Description of the task:
Take the entries below and reproduce exactly the portion that begins at the line containing "avec motifs argentes" and ends at the line containing "JVC KD-T920BTS Single", keeping both ends, dropping pictures, and adding nothing else.

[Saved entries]

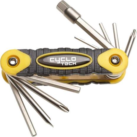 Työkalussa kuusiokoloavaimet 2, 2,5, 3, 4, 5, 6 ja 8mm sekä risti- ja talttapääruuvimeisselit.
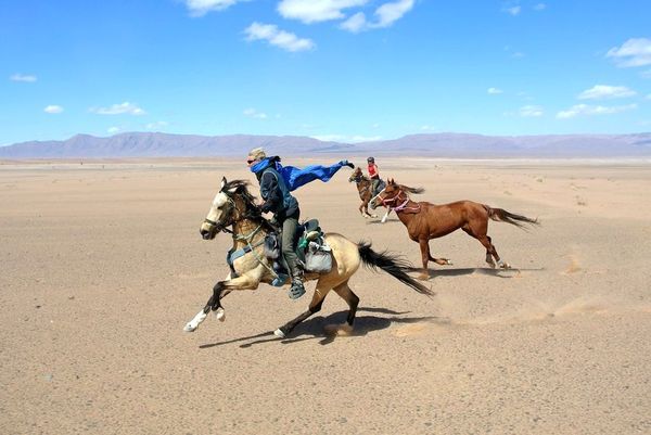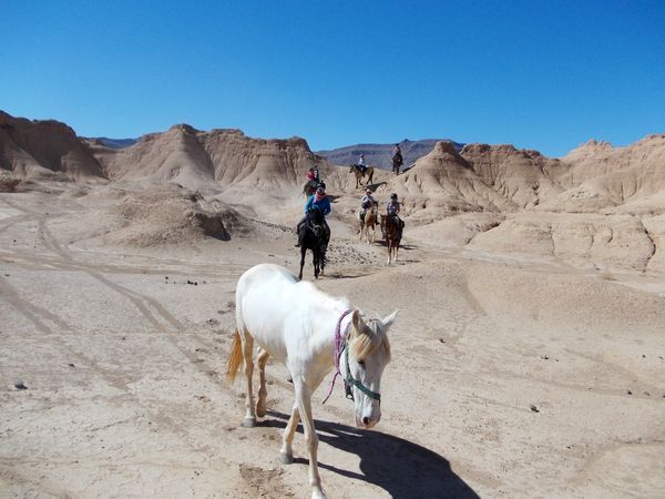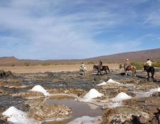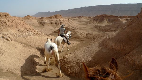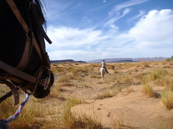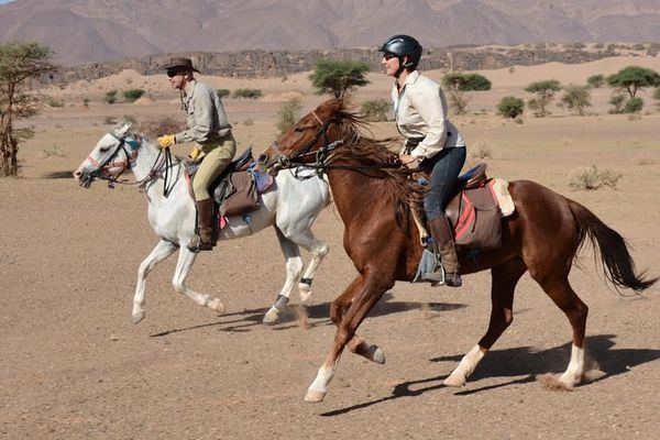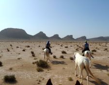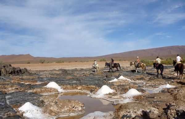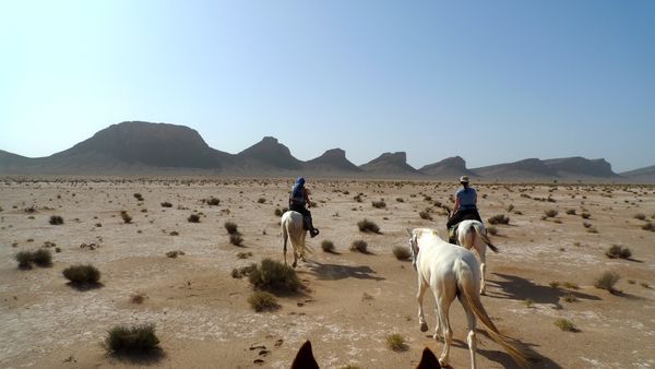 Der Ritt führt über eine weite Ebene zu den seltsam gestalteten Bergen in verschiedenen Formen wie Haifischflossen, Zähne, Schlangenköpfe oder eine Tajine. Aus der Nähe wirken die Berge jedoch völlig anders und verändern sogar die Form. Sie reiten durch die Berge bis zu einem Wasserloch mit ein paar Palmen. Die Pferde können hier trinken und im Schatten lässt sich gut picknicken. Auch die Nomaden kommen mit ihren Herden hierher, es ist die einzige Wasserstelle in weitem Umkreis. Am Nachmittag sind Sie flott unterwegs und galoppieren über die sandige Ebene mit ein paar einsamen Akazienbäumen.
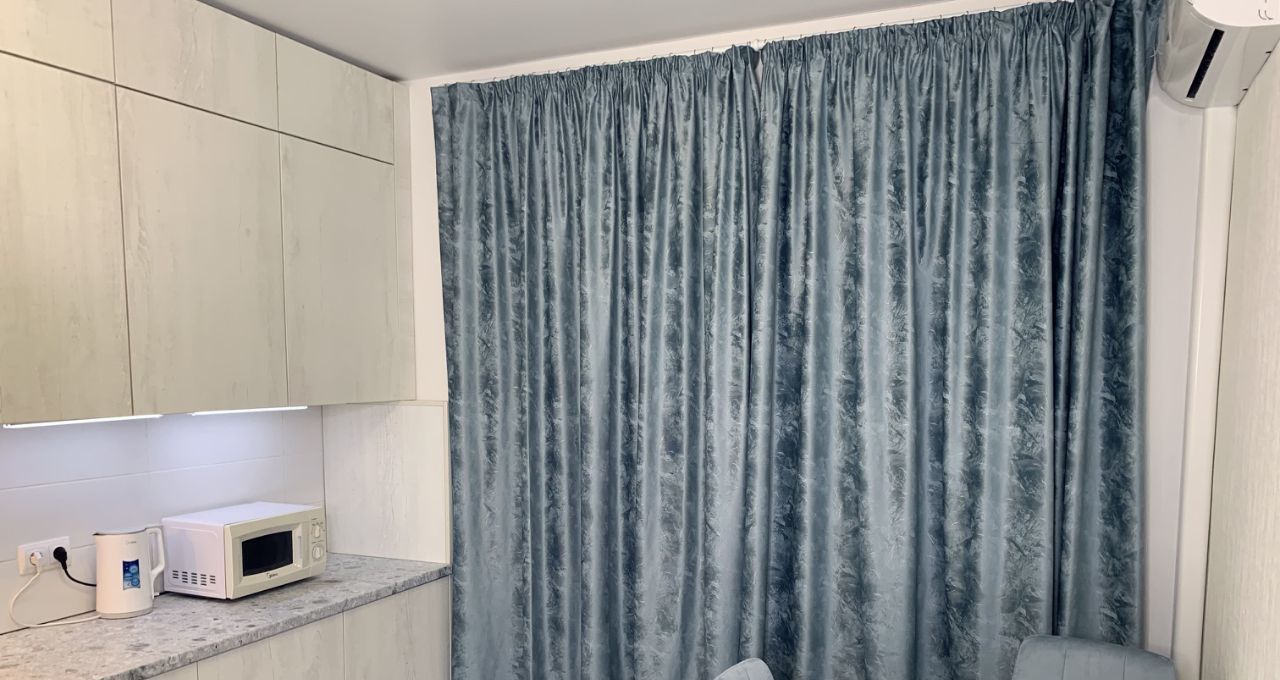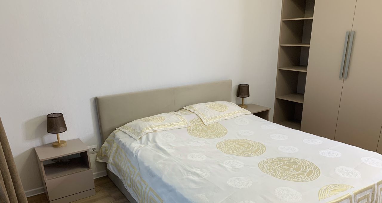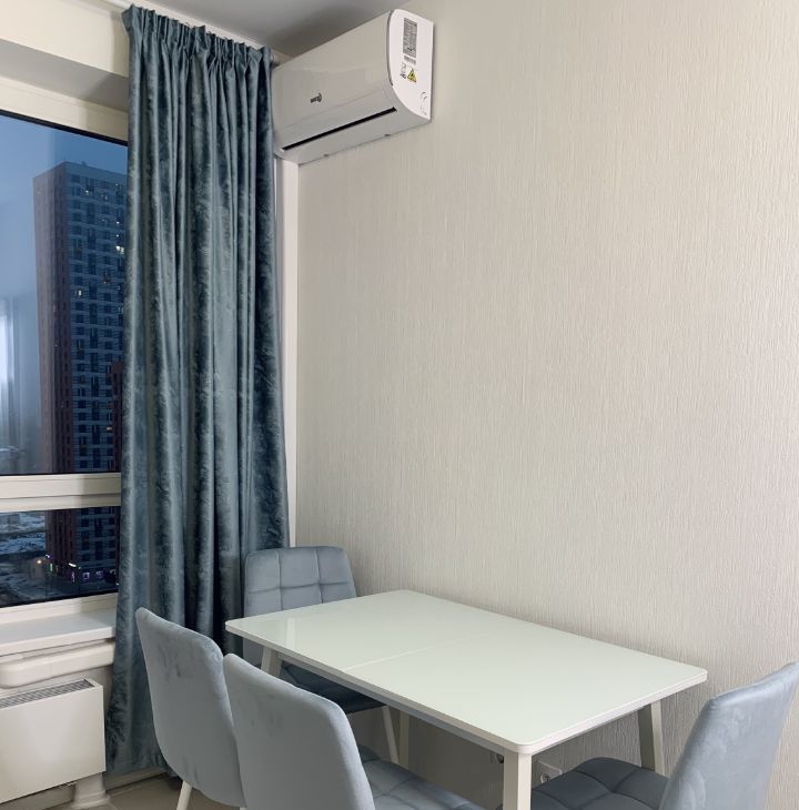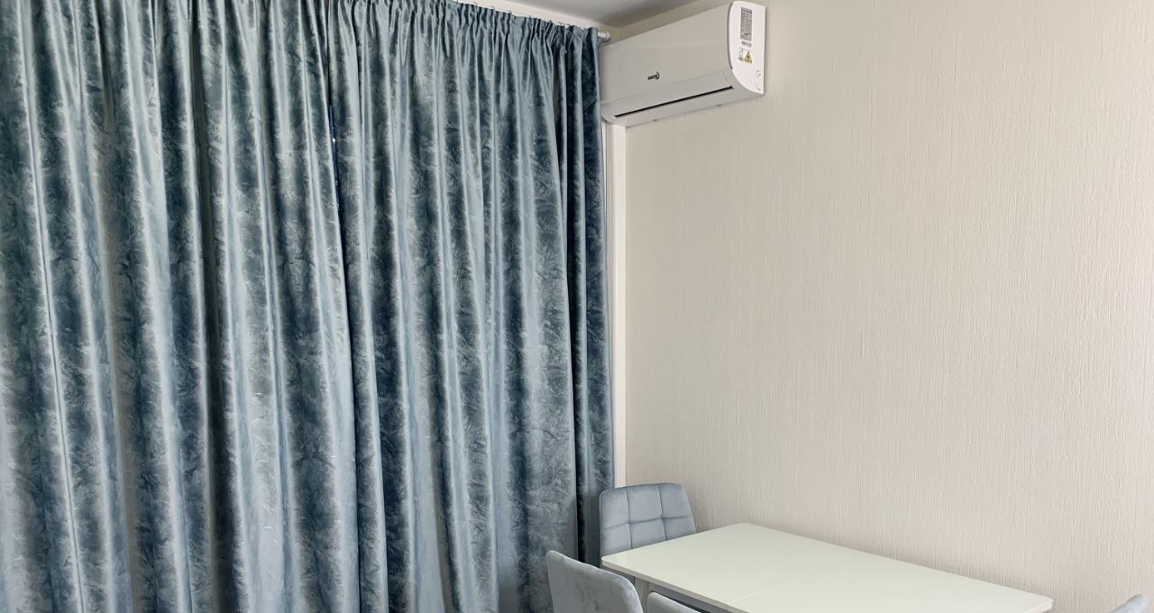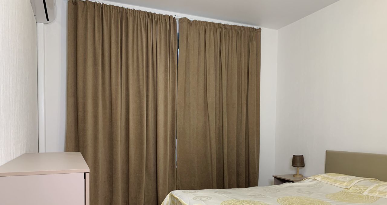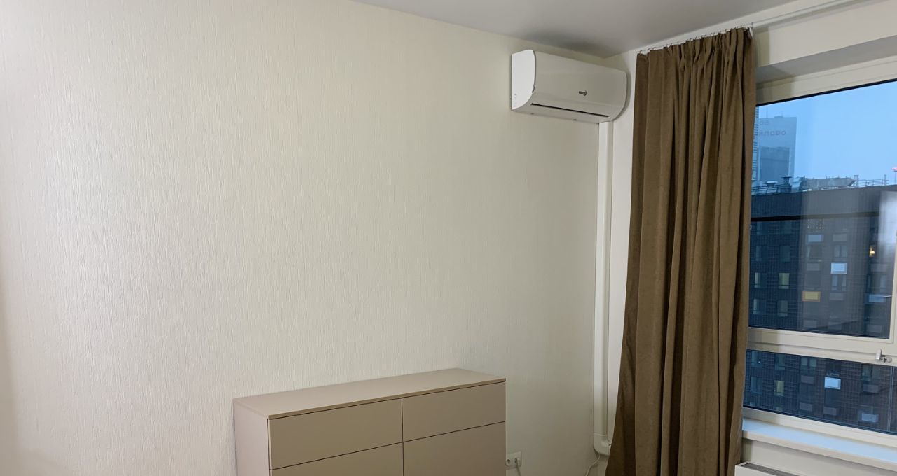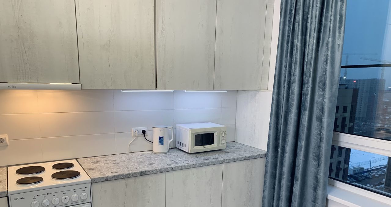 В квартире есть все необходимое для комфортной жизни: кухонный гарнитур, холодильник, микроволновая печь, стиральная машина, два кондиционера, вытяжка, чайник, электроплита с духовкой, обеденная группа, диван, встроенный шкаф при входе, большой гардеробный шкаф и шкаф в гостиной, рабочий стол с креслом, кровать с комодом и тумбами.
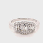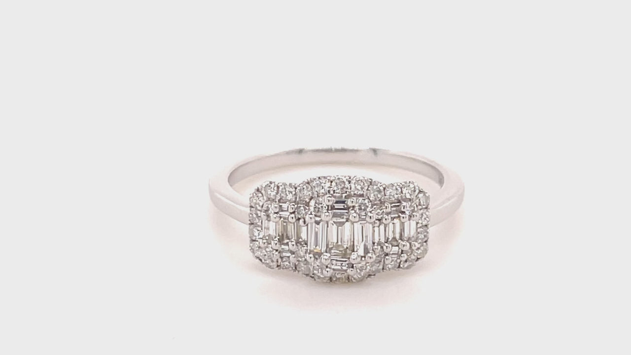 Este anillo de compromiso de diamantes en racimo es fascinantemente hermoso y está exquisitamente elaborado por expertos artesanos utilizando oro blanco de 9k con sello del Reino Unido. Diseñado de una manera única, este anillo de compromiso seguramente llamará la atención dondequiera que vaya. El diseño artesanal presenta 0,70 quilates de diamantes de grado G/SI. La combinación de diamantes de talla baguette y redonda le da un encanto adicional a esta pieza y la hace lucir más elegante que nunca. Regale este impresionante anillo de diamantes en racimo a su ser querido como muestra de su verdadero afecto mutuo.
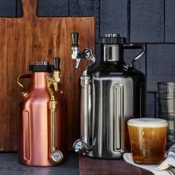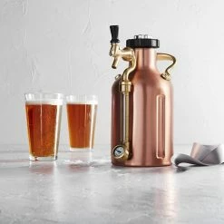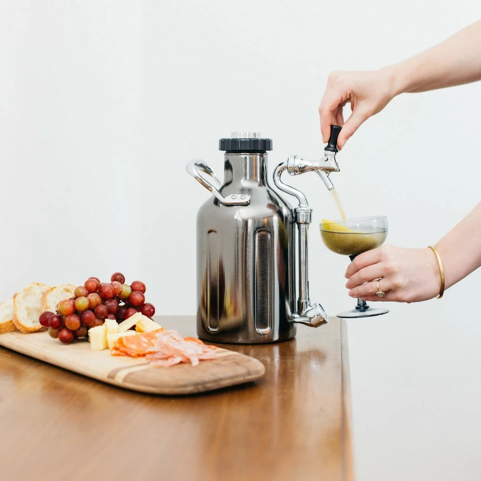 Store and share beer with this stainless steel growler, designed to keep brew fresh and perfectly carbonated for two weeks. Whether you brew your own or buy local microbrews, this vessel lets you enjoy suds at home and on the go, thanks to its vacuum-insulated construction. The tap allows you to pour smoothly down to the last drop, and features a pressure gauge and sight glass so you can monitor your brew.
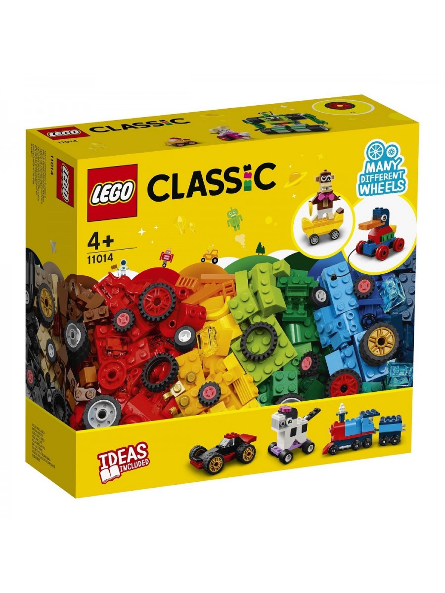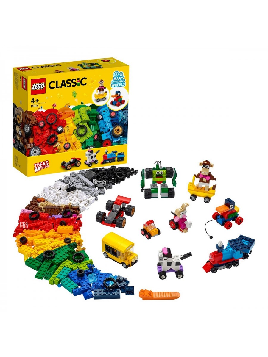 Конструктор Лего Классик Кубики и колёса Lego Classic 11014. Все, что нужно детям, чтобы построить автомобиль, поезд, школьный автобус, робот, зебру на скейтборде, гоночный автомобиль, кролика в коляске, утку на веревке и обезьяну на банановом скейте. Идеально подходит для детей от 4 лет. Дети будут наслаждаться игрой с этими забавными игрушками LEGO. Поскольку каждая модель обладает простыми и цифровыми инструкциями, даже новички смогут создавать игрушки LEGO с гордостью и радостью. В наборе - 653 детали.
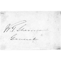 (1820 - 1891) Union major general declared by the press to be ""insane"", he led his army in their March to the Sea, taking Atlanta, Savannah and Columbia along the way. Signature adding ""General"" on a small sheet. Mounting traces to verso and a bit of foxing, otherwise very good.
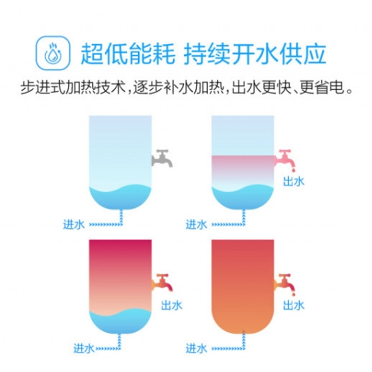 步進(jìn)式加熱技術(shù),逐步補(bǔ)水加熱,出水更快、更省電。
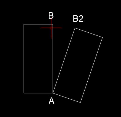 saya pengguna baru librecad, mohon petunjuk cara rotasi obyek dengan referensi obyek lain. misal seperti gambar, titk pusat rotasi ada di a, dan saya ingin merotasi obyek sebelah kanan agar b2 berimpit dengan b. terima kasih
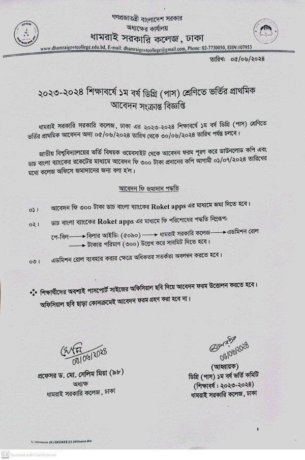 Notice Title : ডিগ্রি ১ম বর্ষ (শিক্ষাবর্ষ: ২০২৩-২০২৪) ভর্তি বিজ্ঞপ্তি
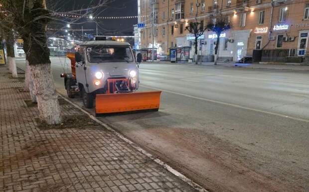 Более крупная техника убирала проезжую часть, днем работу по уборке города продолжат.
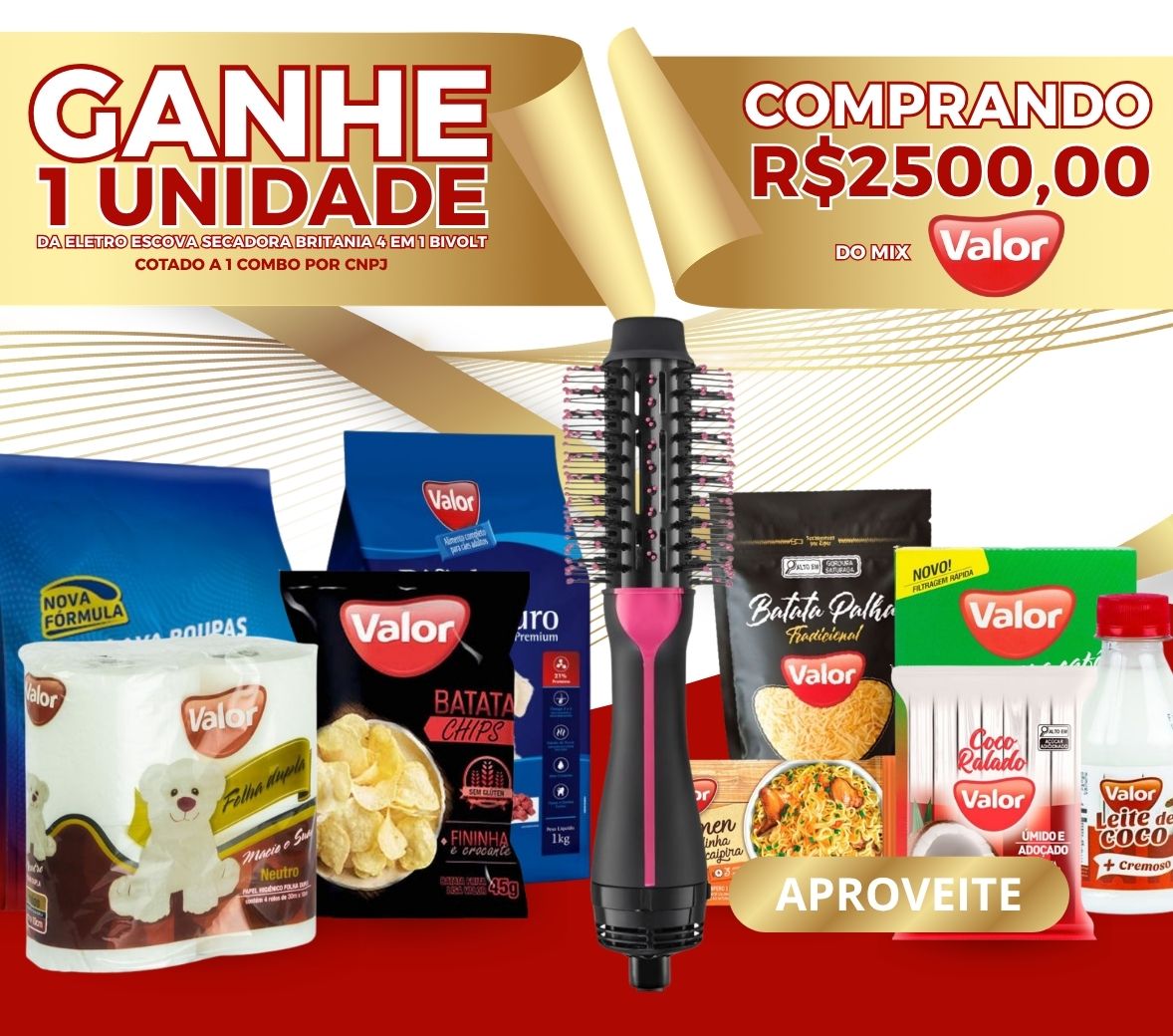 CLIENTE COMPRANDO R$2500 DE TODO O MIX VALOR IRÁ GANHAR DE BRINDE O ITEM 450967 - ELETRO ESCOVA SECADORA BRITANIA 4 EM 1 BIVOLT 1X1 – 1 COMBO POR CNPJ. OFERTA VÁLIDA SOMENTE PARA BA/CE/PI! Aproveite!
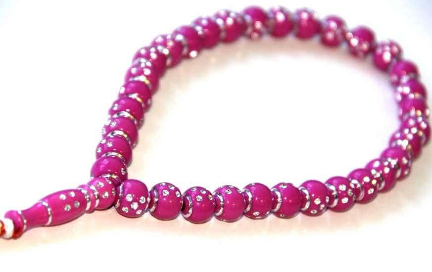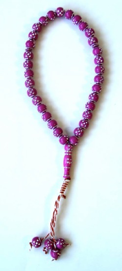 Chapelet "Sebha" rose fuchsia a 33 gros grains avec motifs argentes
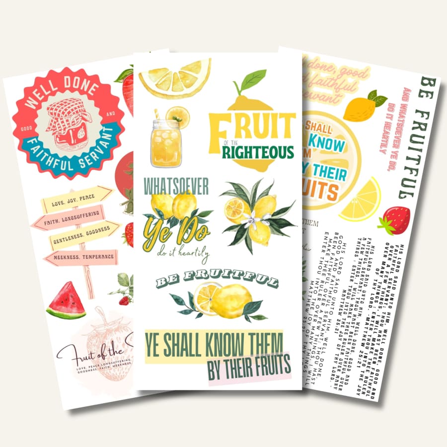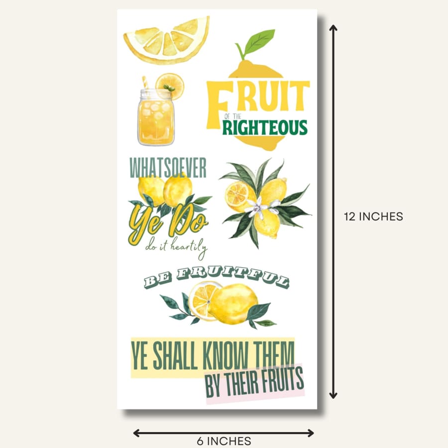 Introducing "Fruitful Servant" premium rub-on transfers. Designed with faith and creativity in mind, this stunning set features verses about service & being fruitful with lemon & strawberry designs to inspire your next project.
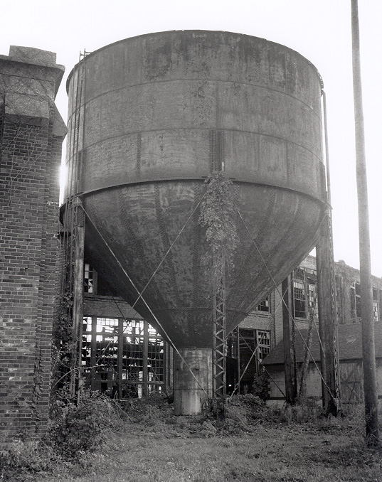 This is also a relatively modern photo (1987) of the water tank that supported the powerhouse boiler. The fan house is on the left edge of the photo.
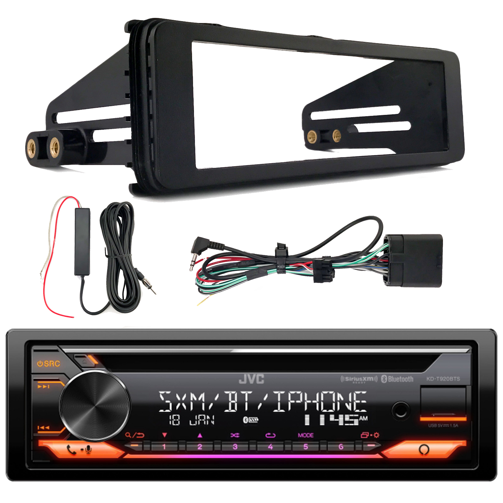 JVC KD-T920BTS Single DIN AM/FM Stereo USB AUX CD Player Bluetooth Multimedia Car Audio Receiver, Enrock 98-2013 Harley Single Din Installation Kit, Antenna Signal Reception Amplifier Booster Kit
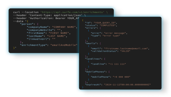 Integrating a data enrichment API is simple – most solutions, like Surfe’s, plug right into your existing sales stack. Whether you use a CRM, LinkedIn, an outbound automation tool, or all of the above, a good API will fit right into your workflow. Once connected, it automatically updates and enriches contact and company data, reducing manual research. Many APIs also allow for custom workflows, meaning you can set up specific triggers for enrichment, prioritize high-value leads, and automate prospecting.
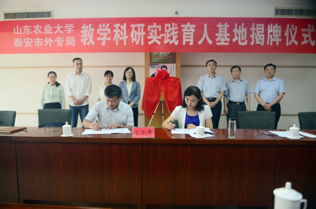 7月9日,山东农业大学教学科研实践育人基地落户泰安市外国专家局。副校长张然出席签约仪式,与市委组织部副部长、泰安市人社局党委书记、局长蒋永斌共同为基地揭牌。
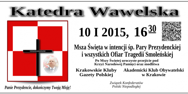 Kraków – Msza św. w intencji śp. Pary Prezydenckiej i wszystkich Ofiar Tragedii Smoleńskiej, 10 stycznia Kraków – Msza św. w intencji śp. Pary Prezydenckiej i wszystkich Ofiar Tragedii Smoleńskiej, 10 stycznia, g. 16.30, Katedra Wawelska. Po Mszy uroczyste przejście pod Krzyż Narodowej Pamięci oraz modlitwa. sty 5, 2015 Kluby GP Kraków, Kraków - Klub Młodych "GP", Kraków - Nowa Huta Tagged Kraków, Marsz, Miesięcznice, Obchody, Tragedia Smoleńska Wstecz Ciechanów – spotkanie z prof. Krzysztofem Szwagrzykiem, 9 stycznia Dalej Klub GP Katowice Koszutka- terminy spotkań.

Exercise solution:
 Chapelet "Sebha" rose fuchsia a 33 gros grains avec motifs argentes
 Introducing "Fruitful Servant" premium rub-on transfers. Designed with faith and creativity in mind, this stunning set features verses about service & being fruitful with lemon & strawberry designs to inspire your next project.
 This is also a relatively modern photo (1987) of the water tank that supported the powerhouse boiler. The fan house is on the left edge of the photo.
 JVC KD-T920BTS Single DIN AM/FM Stereo USB AUX CD Player Bluetooth Multimedia Car Audio Receiver, Enrock 98-2013 Harley Single Din Installation Kit, Antenna Signal Reception Amplifier Booster Kit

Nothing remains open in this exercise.